Step 04: Evaluate The Model
##
## Call:
## lm(formula = charges ~ age + bmi + children + smoker, data = train)
##
## Residuals:
## Min 1Q Median 3Q Max
## -11734 -2983 -1004 1356 29708
##
## Coefficients:
## Estimate Std. Error t value Pr(>|t|)
## (Intercept) -11905.11 1060.63 -11.225 < 2e-16 ***
## age 254.87 13.52 18.844 < 2e-16 ***
## bmi 320.64 30.69 10.447 < 2e-16 ***
## children 429.86 156.22 2.752 0.00603 **
## smokeryes 23586.13 468.26 50.370 < 2e-16 ***
## ---
## Signif. codes: 0 '***' 0.001 '**' 0.01 '*' 0.05 '.' 0.1 ' ' 1
##
## Residual standard error: 6168 on 1064 degrees of freedom
## Multiple R-squared: 0.7359, Adjusted R-squared: 0.7349
## F-statistic: 741.3 on 4 and 1064 DF, p-value: < 2.2e-16
The summary of the model gives details about the coefficients and statistical significance of each predictor:
The intercept is estimated at -11905.11 meaning that Even the other features remain zero, there will be medical charge if -$11905.11 present which is not practical. However, In this case, a negative intercept doesn’t show a meaningful interpretation as charges can not be in negative form.
For every unit of increase in age will increase the medical charges by $254.87 approx.

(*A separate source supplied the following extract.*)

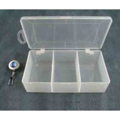 Fly box - 3 Compartments Size: 7 '' L x 3''1/2 W x 1''1/2 H Perfect box for storing large dry flies for trout, salmon bombers and bass poppers.

For every unit of increase in BMI will result in an increase in medical charges by $320.64 approx.
For every unit of increase in child will raise the medical charges by $429.86 approx.
A smoker will have additional $23586.13 medical charges compared to a non-smoker.
The R-squared value of 0.7359 refers that the model
explains significant portion of 73.59% of the variance in the medical
charges.
Step 05: Checking The Validity of Linear Model Assumptions
Testing Linearity:
To identify any linear relationship between predictors and
charges taking the following hypothesis.
Null Hypothesis H0: The predictors does not correlate with
chargesAlternate Hypothesis H1: The predictors correlate with
charges
train_lin_test <- train %>% select(age, bmi, children, smoker) %>% mutate_all(~as.numeric(as.factor(.)))
train_lin_test$charges <- train$charges
for (col in c('age', 'bmi', 'children', 'smoker')) {
corr <- cor.test(train_lin_test[[col]], train_lin_test$charges)
print(round(corr$p.value, 4))
}## [1] 0
## [1] 0
## [1] 0.0062
## [1] 0
Here, the p-value of predictors and charges are below
alpha 0.05. So, we can reject the null hypothesis and
accept the alternate hypothesis stating that the predictors are
correlated with charges variable.
Residual Normality:
residuals <- residuals(train_lm)
ggplot(train_lm, aes(x = residuals)) +
geom_histogram(fill = "skyblue", color = "black", alpha = 0.7) +
labs(title = "Histograms of Residuals from Linear Regression Model,",
x = "Residuals",
y = "Frequency") +
theme(plot.title = element_text(color="navy",
hjust = .5,
size=20),
axis.title.x = element_text(size=15),
axis.title.y = element_text(size=15),
axis.text.x = element_text(size=12),
axis.text.y = element_text(size=12),
)## `stat_bin()` using `bins = 30`. Pick better value with `binwidth`.
From the above histogram, a normal distribution of residuals is clearly visible near zero.
Checking Homoscedasticity:
In the Above plot, we can see that the spread of predicted values are fairly uniform. Hence, homoscedasticity is present in the linear regression model.